Llama-3.2-3B
Text
Llama-3.2 3B (3.21 B params, Llama 3.2 Community License)
Compact Meta transformer that packs 128 k-token memory into an 8 GB GPU budget.
Long-context, low-footprint. Full-precision model reads up to 128 k tokens with GQA; BF16 weights clock in at ≈7.4 GB VRAM, while 4-bit SpinQuant/QLoRA builds shrink below 4 GB for laptops and edge devices.
Multilingual by default. Trained for eight core languages (EN, DE, FR, IT, PT, ES, HI, TH) and more, making it a solid base for dialogue, retrieval and summarization agents.
Punches above its weight. The instruction-tuned variant hits 63.4 MMLU (5-shot) and 78.6 ARC-C (0-shot), rivaling many 7-13 B open models.
Plug-and-play ops. Works out-of-the-box with transformers >= 4.43, the original llama repo, vLLM, llama.cpp, Ollama and SpinQuant mobile builds.

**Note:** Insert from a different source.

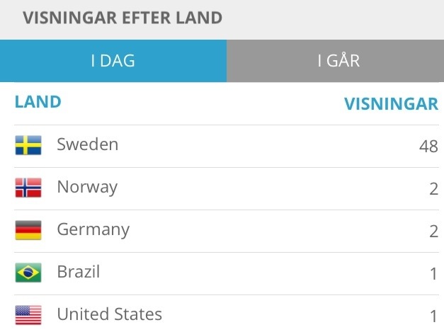 Just det! Min statistik sköt i höjden häromdagen med 290 visningar och över 160 unika besökare. Jättekul! Nu börjar siffrorna dala ner till mer normala nivåer men jag har sett att ni besökare är mer spridda över världen än förut, häftigt!

License heads-up. You must show “Built with Llama” and seek extra permission if your products top 700 M MAU—more restrictive than Apache-2.0.
Why pick it for Norman AI?
Near-7 B performance, 128 k context and multilingual reach on a single-card budget let us ship long-memory chat, retrieval agents or edge inference tiers without bending our infra—or our power bill.